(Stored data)
- - -

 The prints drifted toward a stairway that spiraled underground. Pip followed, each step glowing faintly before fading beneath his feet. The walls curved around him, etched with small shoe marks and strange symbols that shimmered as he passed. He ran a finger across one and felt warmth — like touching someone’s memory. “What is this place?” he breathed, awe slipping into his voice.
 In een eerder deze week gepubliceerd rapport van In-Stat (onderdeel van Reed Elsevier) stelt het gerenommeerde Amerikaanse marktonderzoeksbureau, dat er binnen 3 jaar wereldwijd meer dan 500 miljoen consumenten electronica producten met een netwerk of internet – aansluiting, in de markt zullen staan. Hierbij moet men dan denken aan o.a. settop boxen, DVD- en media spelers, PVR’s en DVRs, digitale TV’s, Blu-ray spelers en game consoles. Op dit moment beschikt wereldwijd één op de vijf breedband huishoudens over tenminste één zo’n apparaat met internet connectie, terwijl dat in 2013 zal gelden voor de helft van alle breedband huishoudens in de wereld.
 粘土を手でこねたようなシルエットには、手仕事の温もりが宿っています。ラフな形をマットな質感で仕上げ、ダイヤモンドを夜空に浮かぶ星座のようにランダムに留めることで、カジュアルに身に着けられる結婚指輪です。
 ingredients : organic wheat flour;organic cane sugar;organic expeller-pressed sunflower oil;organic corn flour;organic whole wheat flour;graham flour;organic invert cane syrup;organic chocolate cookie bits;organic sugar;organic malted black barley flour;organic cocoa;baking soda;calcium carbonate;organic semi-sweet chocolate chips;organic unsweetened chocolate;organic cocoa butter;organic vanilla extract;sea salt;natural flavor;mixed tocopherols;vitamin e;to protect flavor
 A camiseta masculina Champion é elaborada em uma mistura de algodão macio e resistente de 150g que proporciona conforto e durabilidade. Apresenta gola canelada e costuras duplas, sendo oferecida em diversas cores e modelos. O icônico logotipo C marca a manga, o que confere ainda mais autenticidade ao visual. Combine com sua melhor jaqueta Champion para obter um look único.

- - -

* **Exercise brief**: Word for word, output the lines of the data from its first line through the line where "粘土を手でこねたようなシルエ" appears, and stop there.

* **Finished exercise**:
 The prints drifted toward a stairway that spiraled underground. Pip followed, each step glowing faintly before fading beneath his feet. The walls curved around him, etched with small shoe marks and strange symbols that shimmered as he passed. He ran a finger across one and felt warmth — like touching someone’s memory. “What is this place?” he breathed, awe slipping into his voice.
 In een eerder deze week gepubliceerd rapport van In-Stat (onderdeel van Reed Elsevier) stelt het gerenommeerde Amerikaanse marktonderzoeksbureau, dat er binnen 3 jaar wereldwijd meer dan 500 miljoen consumenten electronica producten met een netwerk of internet – aansluiting, in de markt zullen staan. Hierbij moet men dan denken aan o.a. settop boxen, DVD- en media spelers, PVR’s en DVRs, digitale TV’s, Blu-ray spelers en game consoles. Op dit moment beschikt wereldwijd één op de vijf breedband huishoudens over tenminste één zo’n apparaat met internet connectie, terwijl dat in 2013 zal gelden voor de helft van alle breedband huishoudens in de wereld.
 粘土を手でこねたようなシルエットには、手仕事の温もりが宿っています。ラフな形をマットな質感で仕上げ、ダイヤモンドを夜空に浮かぶ星座のようにランダムに留めることで、カジュアルに身に着けられる結婚指輪です。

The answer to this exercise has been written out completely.